[Stored items]

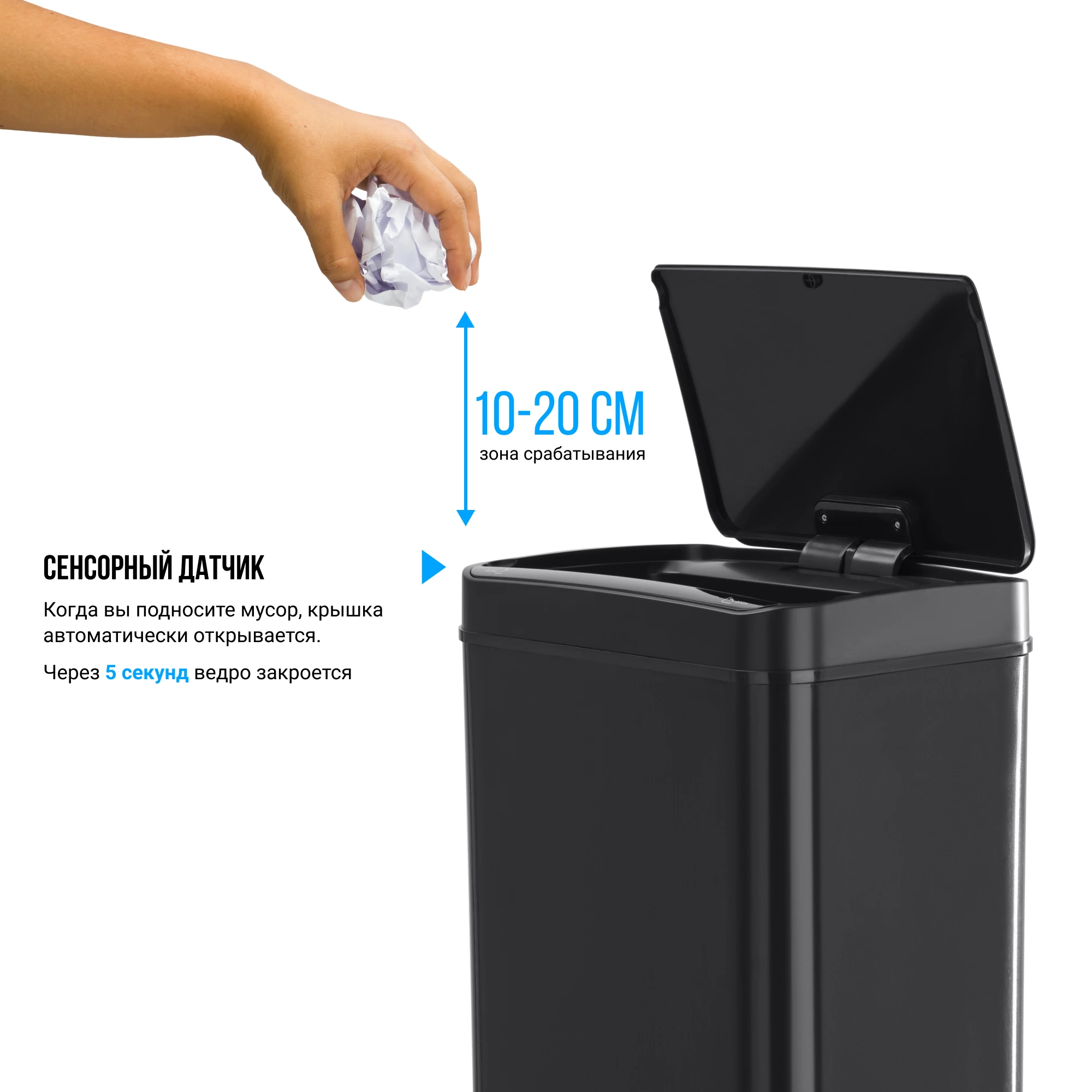 Опустите мусор в контейнер и затем уберите руки из зоны срабатывания сенсорного датчика, который даст команду на закрытие крышки через 5 секунд.
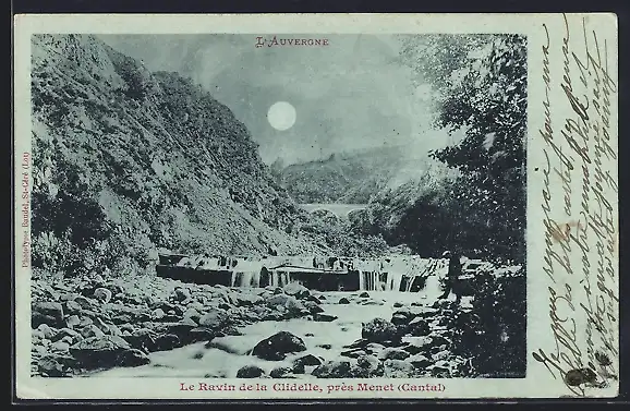 Mondschein-AK Menet, Le Ravin de la Clidelle sous la lune
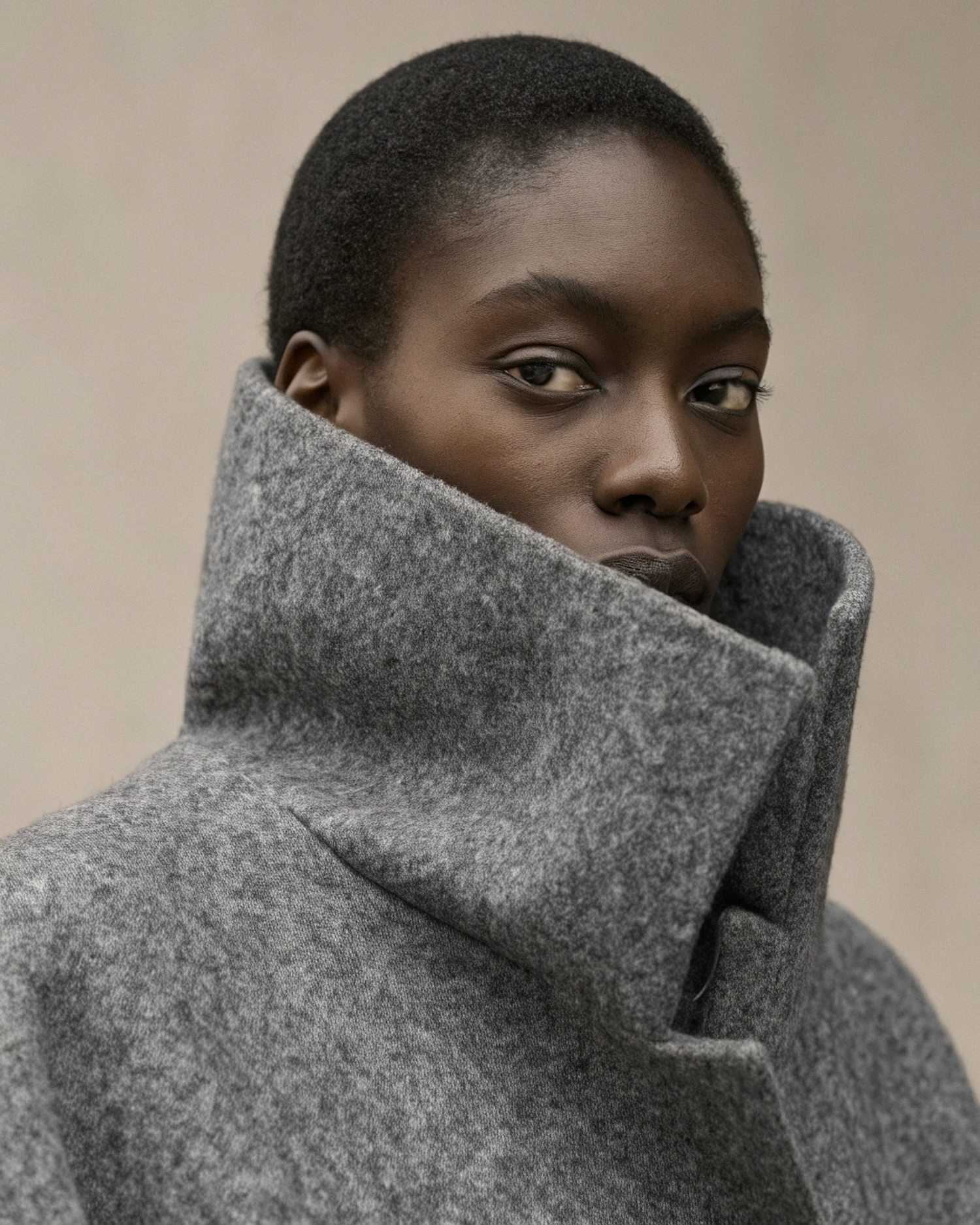 Close-up of a woman in a high-collared gray coat, with a neutral background and soft lighting highlighting her features and the fabric texture.
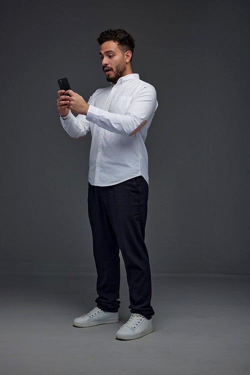 A man wearing smart casual standing and using his phone eye level on a gray background
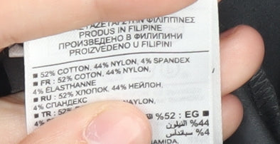 - Material Breakdown: 52% Cotton 44% Nylon 4% Elastane
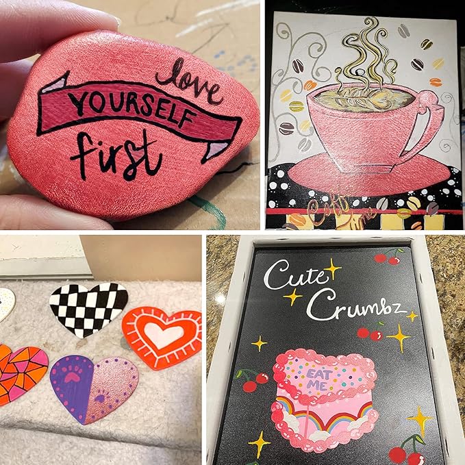 • JEFFNIUB Metallic Acrylic Paint Markers for Rocks Painting,Fabric,Wood,Glass,Ceramic,Canvas,Scrapbooking,Card Making Supplies
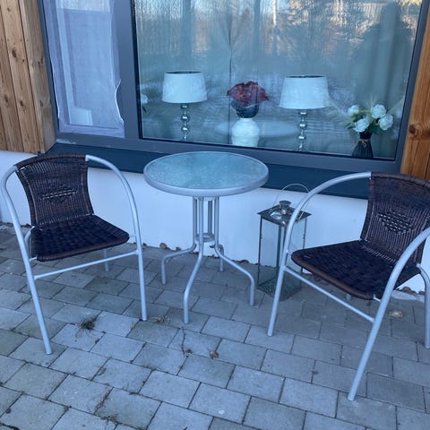 Bord och 4 stolar i konstrotting och trä. Fint skick.
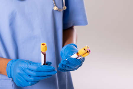 Midsection of african american mid adult female doctor wearing gloves holding test tubes, copy space. blood, medical, sample, laboratory, doctor, healthcare and medical occupation concept.
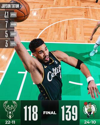 Jayson Tatum e Jaylen Brown infatti combinano per 70 punti, con il primo che ne mette 41 grazie a un terzo quarto di pura onnipotenza (20 punti) e il secondo che chiude i conti nel quarto periodo, nel quale segna 13 dei suoi 29 punti finali. Boston torna a segnare le sue triple (19/39 alla fine) e sfiora il 60% dal campo, trovando anche le doppie cifre di Derrick White (12), Grant Williams e Al Horford (11). Milwaukee perde ancora con una diretta concorrente dopo i ko contro Cleveland e Brooklyn, trovando la terza sconfitta in fila
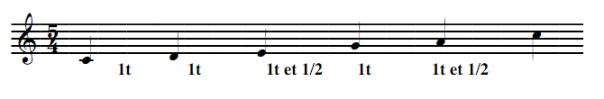 Une gamme majeure pentatonique est une gamme majeure dont on aurait ôté la quarte et la septième :

Directions for this task ::
Every entry above is to be set down exactly; the pictures are to be left out.

Exercise answer ::
 Опустите мусор в контейнер и затем уберите руки из зоны срабатывания сенсорного датчика, который даст команду на закрытие крышки через 5 секунд.
 Mondschein-AK Menet, Le Ravin de la Clidelle sous la lune
 Close-up of a woman in a high-collared gray coat, with a neutral background and soft lighting highlighting her features and the fabric texture.
 A man wearing smart casual standing and using his phone eye level on a gray background
 - Material Breakdown: 52% Cotton 44% Nylon 4% Elastane
 • JEFFNIUB Metallic Acrylic Paint Markers for Rocks Painting,Fabric,Wood,Glass,Ceramic,Canvas,Scrapbooking,Card Making Supplies
 Bord och 4 stolar i konstrotting och trä. Fint skick.
 Midsection of african american mid adult female doctor wearing gloves holding test tubes, copy space. blood, medical, sample, laboratory, doctor, healthcare and medical occupation concept.
 Jayson Tatum e Jaylen Brown infatti combinano per 70 punti, con il primo che ne mette 41 grazie a un terzo quarto di pura onnipotenza (20 punti) e il secondo che chiude i conti nel quarto periodo, nel quale segna 13 dei suoi 29 punti finali. Boston torna a segnare le sue triple (19/39 alla fine) e sfiora il 60% dal campo, trovando anche le doppie cifre di Derrick White (12), Grant Williams e Al Horford (11). Milwaukee perde ancora con una diretta concorrente dopo i ko contro Cleveland e Brooklyn, trovando la terza sconfitta in fila
 Une gamme majeure pentatonique est une gamme majeure dont on aurait ôté la quarte et la septième :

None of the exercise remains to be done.